Selecting a Backend and Datatype¶
Before building models with ProbFlow, you’ll want to decide which backend to use, and what default datatype to use.
Setting the Backend¶
What I mean by “backend” is the system which performs the automatic differentiation required to fit models with stochastic variational inference. ProbFlow currently supports two backends: TensorFlow and PyTorch. TensorFlow is the default backend, but you can set which backend to use:
import probflow as pf
pf.set_backend('pytorch') #or 'tensorflow'
You can see which backend is currently being used by:
pf.get_backend()
ProbFlow will only use operations specific to the backend you’ve chosen, and you can only use operations from your chosen backend when specifying your models via ProbFlow.
Setting the Datatype¶
You can also set the default datatype ProbFlow uses for creating the variable
tensors. This datatype much match the datatype of the data you’re fitting.

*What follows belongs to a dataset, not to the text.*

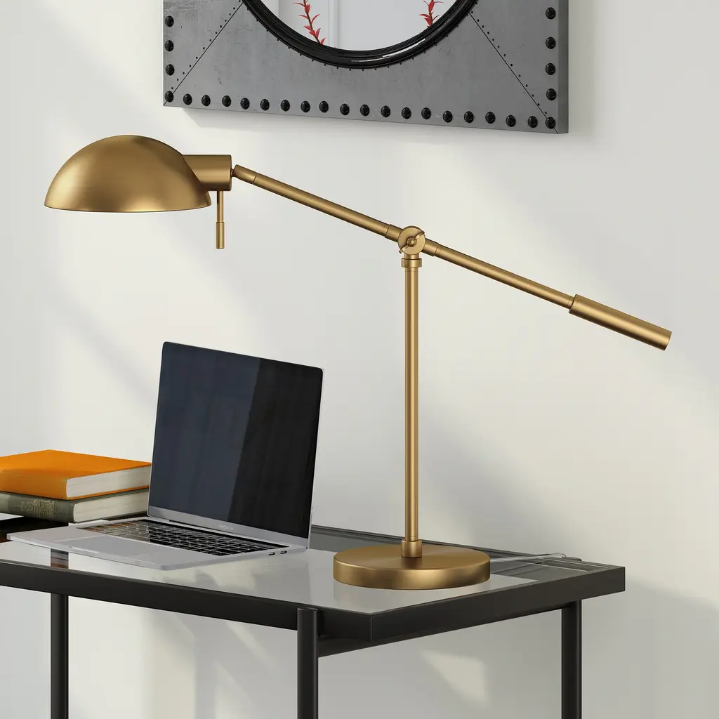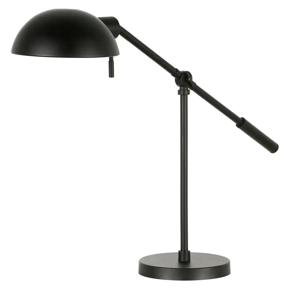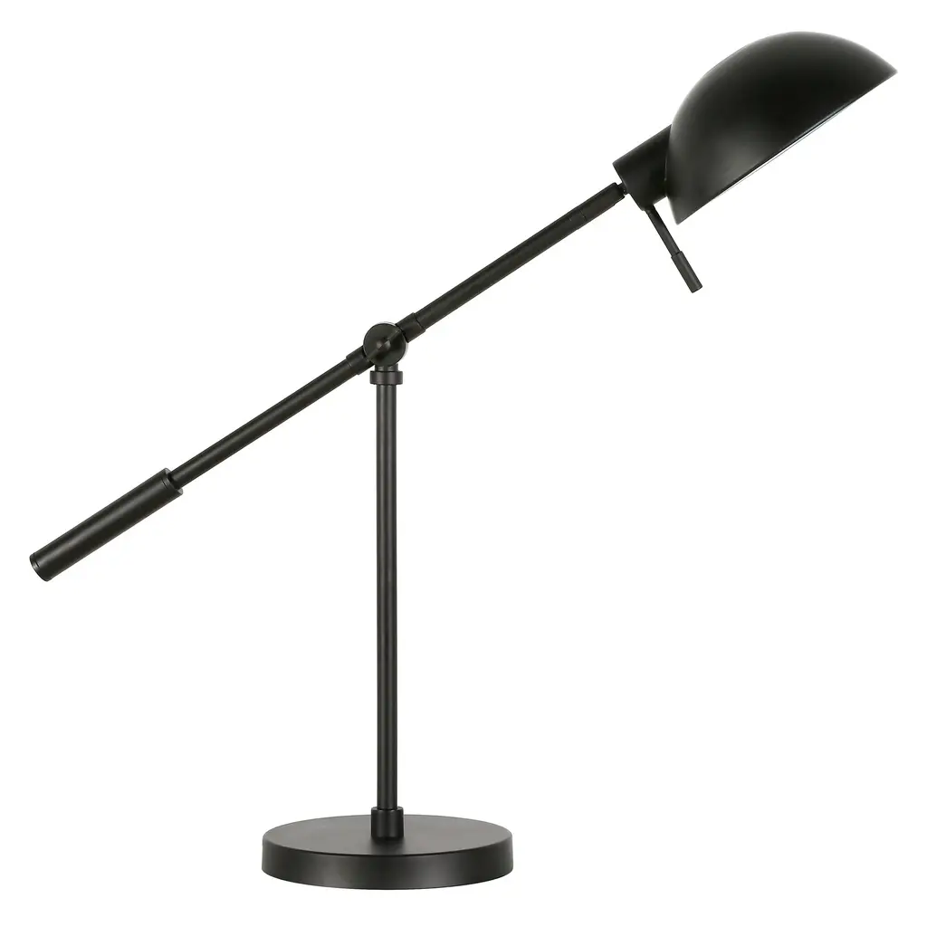 Upgrade the lighting of your desk, craft table, or bedside with this modern update of a classic task lamp. The low-profile design has a boom-style arm that can be adjusted to cast light at a variety of angles. A sleek dome-shaped metal shade creates ample downward illumination, making this the perfect lamp for your reading nook, home office, or bedroom. Features: Features an adjustable boom arm Paired with a dome-shaped shade. Shade is made of metal. Rated for one 60W incandescent bulb; 9W LED bulb, 13W fluorescent (CFL) bulb, or 9W self-ballasted LED bulb. E26-base bulb. Includes a 6 ft. cord. Clean with a soft, dry cloth; no harsh chemicals or abrasive cleaning materials.

The default datatype is tf.dtypes.float32
when TensorFlow is the backend,
and torch.float32
when PyTorch is the backend.
You can see which is the current default datatype with:
pf.get_datatype()
And you can set the default datatype with pf.set_datatype
. For example,
to instead use double precision with the TensorFlow backend:
pf.set_datatype(tf.dtypes.float64)
Personal opinion warning!
I’d gently recommend sticking to the default float32 datatype. Variational
inference is super noisy as is, so do we really need all that extra
precision? Single precision is also a lot faster on most GPUs. If your
data is of a different type, just cast it with (for numpy arrays and pandas
DataFrames) .astype('float32')
.